#### Task directions
Only an exact repetition is needed: the lines from the start of the listing below through the line that contains "Daň z nabytí", pictures omitted.

#### Data provided
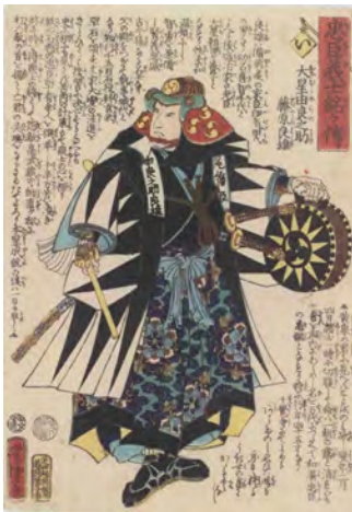
[Part1展示作品] 歌川芳虎 『忠臣義士銘々傳い 大星由良之助藤原良雄』 静岡県立中央図書館 蔵

元禄十四～十六年(1701～1703)に起こった赤穂事件を題材とした『仮名手本忠臣蔵』が初めて上演されたのは、寛延元年(1748)8月。大坂道頓堀の竹本座で人形浄瑠璃の演目として興行されました。この興行は大変な好評を博し、同年の12月には大坂で歌舞伎化。翌二年(1749)2月には江戸でも上演されました。
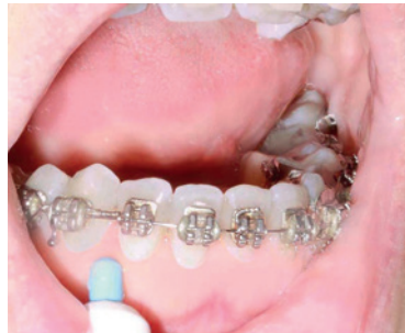
im Unterkiefer von unten.

SCHRITT 2 Aus Zahnpasta im Mund Schaum machen, damit die „Wurst“ nicht gleich wieder ins Waschbecken fällt.
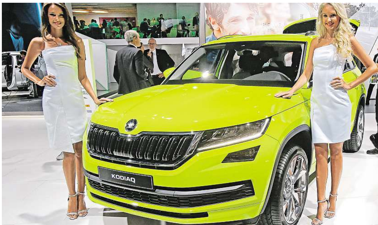
Cena nového velkého SUV Kodiaq od Škody Auto bude v České republice začínat na 677 900 korunách českých. Více strana 2 AP

Daň z nabytí nemovitosti. Už za měsíc ji nově místo prodávajícího zaplatí kupující. Byt za tři miliony. Připravte si navíc 120 tisíc korun. Změna. Nejvíce se dotkne těch, kteří spoléhají na hypotéky STRANA 2
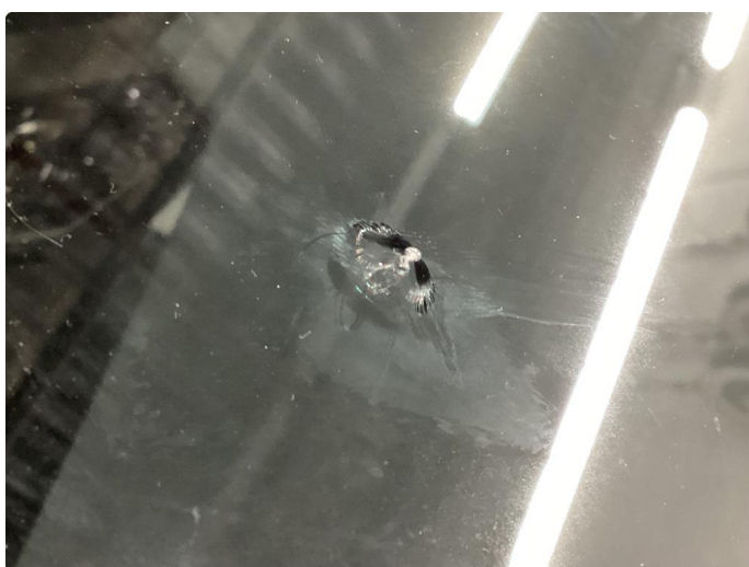
1.5 Steinsprut med sprekk utenfor synsfelt som er limt
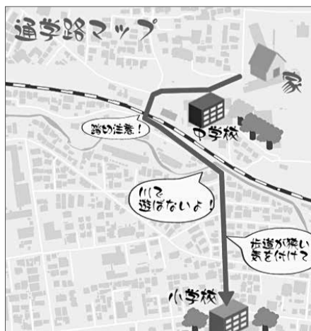
オリジナルの地図を作成できます
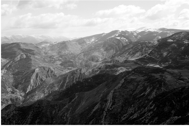
FIGURA 1. Visió general de la vall d'Alinyà, amb el massís de Port del Comte al fons.

la vall es desenvolupa íntegrament dins els contraforts ponentins de Port del Comte (figura 1), un dels massissos més ben individualitzats dins el sector occidental dels Prepirineus catalans (Solé, 1958). De fet, el seu caràcter abrupte i trencat i la importància dels desnivells en el pla intern —que va dels 625 m en el punt més baix, als 2.382 m en el més elevat—, 5 malgrat l'extensió relativament petita de la demarcació, són trets que podem considerar típicament definatoris del muntanyam prepirinenc.
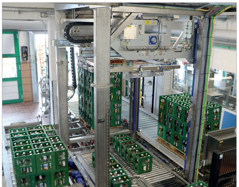
Der Palettierer transportiert die Leerpaletten (v.l.) bedarfsgerecht von der Entlade- auf die Beladeseite. Ein zusätzlicher Palettentransport ist nicht erforderlich.

te in vier eigenen Getränkemärkten. Als weitere Vertriebschienen bedient Junginger mit seinem Fuhrpark befreundete Brauereien, die
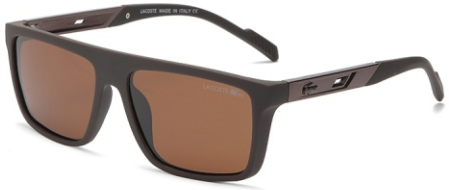
弹棕框 茶片 Bullet brown
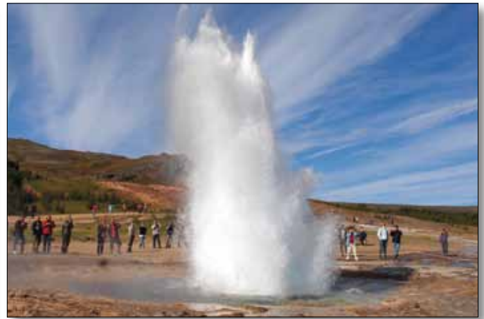
Geysir Strokkur im Haukadalur
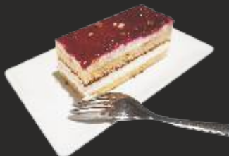
130 Queso Arandano
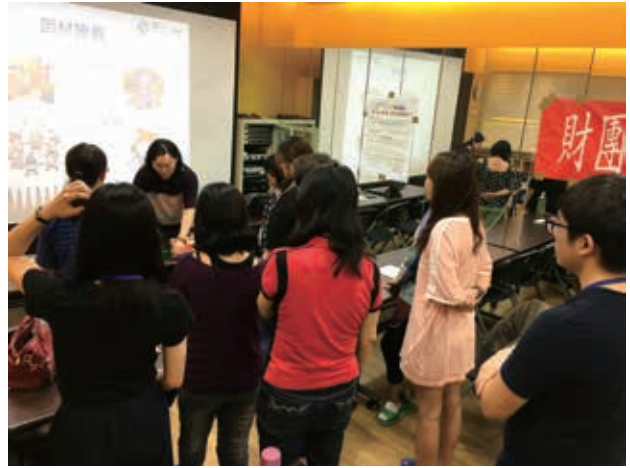
志工學習托育服務技巧，了解孩子的心理。

於培訓中，講師利用實際操作的方式，讓夥伴自行分組討論狀況劇並藉由集思廣益研究改善或應對策略，利用遊戲設計讓學員角色互換，真實感受若自己是孩子是否會喜歡、融入這項遊戲。課後，本會從志工培訓心得感想中亦汲取了許多正向回饋，例如：做志工除了陪伴孩子以外，同時要培育孩子；發現好多陪伴孩子的簡單素材；內容很棒、很有內涵，讓人理解很快等等，這對於往後如有開設相關訓練也都是給予寶貴的建議。此次培訓不僅止於志工本身受益，在此培訓中社工同仁亦受惠良多。
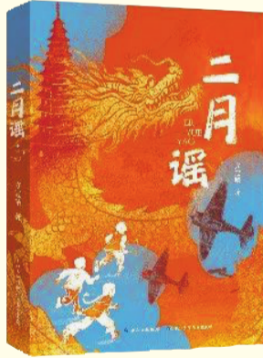
《二月谣》 方冠晴 著 长江少年儿童出版社 2025年4月出版

绘本以图文并茂的方式，在复古质感中融入现代艺术表现力，将鼓岭地貌特征、历史建筑元素、邮票元素等进行视觉转译，深入挖掘并呈现了中美友好历史中那段动人心弦的“鼓岭故事”。作品将历史与现实、情感与故事巧妙地融合在一起，以情感温度点燃孩子的阅读热情，将“和平、友谊、爱”传达给全世界，引领读者们深入地思考鼓岭故事中所蕴含的人类命运共生的意蕴。
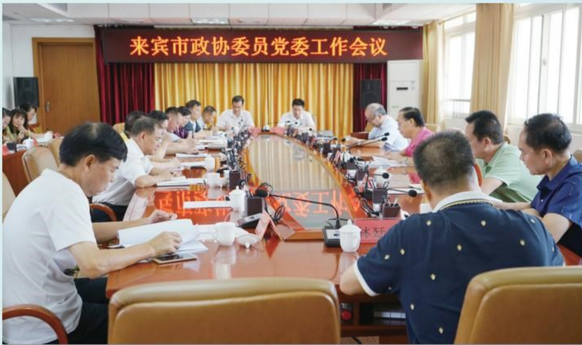
9月4日,市政协召开委员党委工作会议。

部网络学院平台进行党的十九届四中全会精神专题网络学习,并结合本单位本委室业务工作,围绕制约政协工作的关键问题开展研讨。

#### Answer to this problem
[Part1展示作品] 歌川芳虎 『忠臣義士銘々傳い 大星由良之助藤原良雄』 静岡県立中央図書館 蔵

元禄十四～十六年(1701～1703)に起こった赤穂事件を題材とした『仮名手本忠臣蔵』が初めて上演されたのは、寛延元年(1748)8月。大坂道頓堀の竹本座で人形浄瑠璃の演目として興行されました。この興行は大変な好評を博し、同年の12月には大坂で歌舞伎化。翌二年(1749)2月には江戸でも上演されました。
im Unterkiefer von unten.

SCHRITT 2 Aus Zahnpasta im Mund Schaum machen, damit die „Wurst“ nicht gleich wieder ins Waschbecken fällt.
Cena nového velkého SUV Kodiaq od Škody Auto bude v České republice začínat na 677 900 korunách českých. Více strana 2 AP

Daň z nabytí nemovitosti. Už za měsíc ji nově místo prodávajícího zaplatí kupující. Byt za tři miliony. Připravte si navíc 120 tisíc korun. Změna. Nejvíce se dotkne těch, kteří spoléhají na hypotéky STRANA 2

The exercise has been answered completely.